:: Dataset excerpt
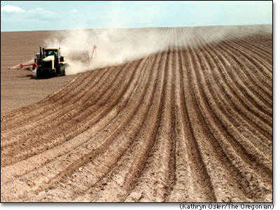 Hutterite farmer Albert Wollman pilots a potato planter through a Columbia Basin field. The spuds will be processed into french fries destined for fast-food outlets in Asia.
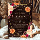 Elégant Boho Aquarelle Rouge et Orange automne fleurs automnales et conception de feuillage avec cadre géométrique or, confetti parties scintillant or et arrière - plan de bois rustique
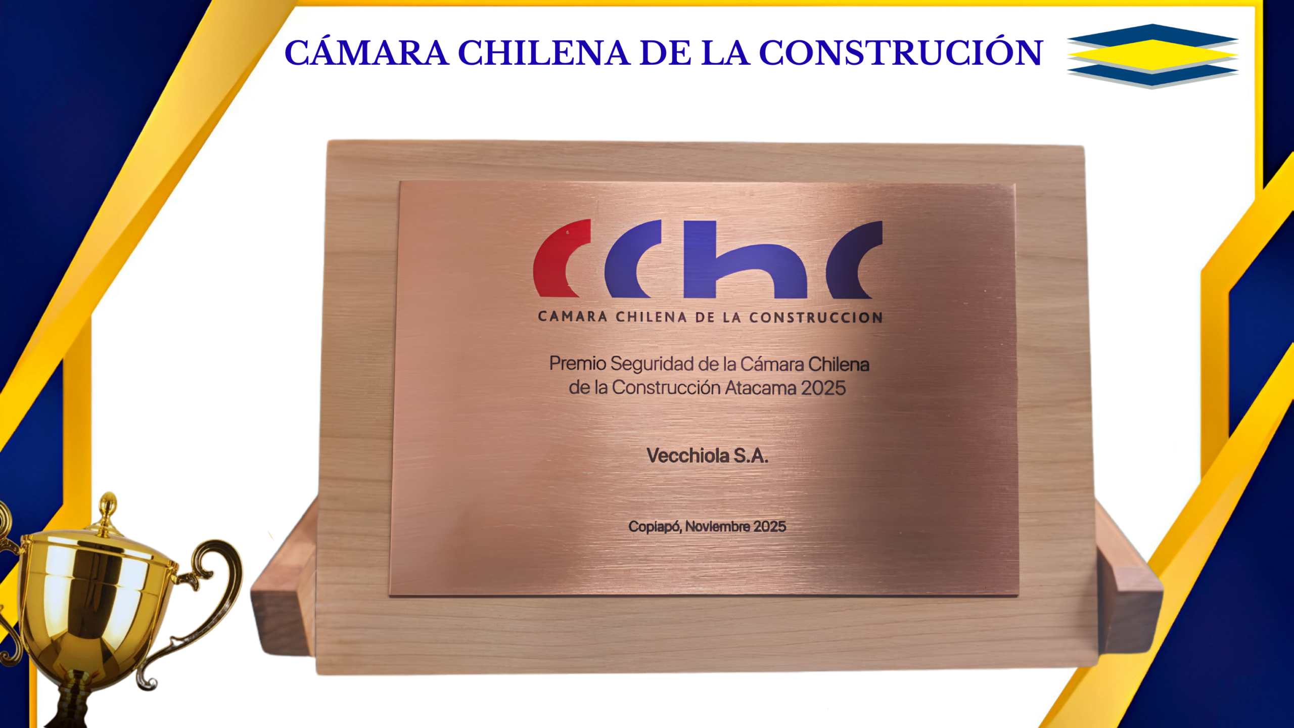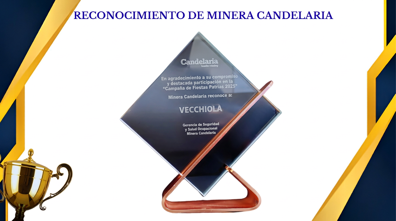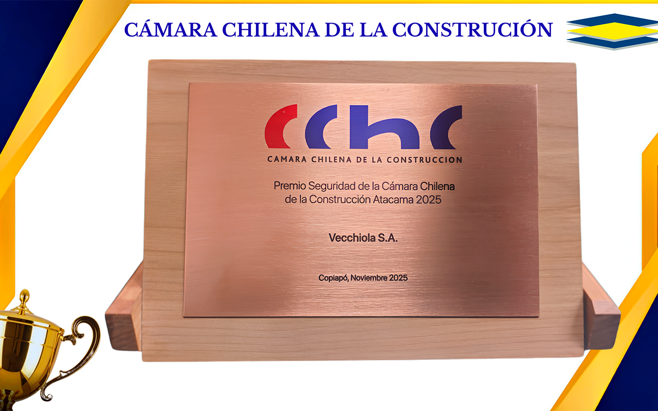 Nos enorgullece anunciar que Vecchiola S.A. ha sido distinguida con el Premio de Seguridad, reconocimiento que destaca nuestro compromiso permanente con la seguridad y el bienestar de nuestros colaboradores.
::::
> **Exercise details**
Lines from the one that holds "Elégant Boho Aquarelle" through the final line of the material are to be duplicated exactly; no pictures belong in the copy.

> **Exercise response**
 Elégant Boho Aquarelle Rouge et Orange automne fleurs automnales et conception de feuillage avec cadre géométrique or, confetti parties scintillant or et arrière - plan de bois rustique
 Nos enorgullece anunciar que Vecchiola S.A. ha sido distinguida con el Premio de Seguridad, reconocimiento que destaca nuestro compromiso permanente con la seguridad y el bienestar de nuestros colaboradores.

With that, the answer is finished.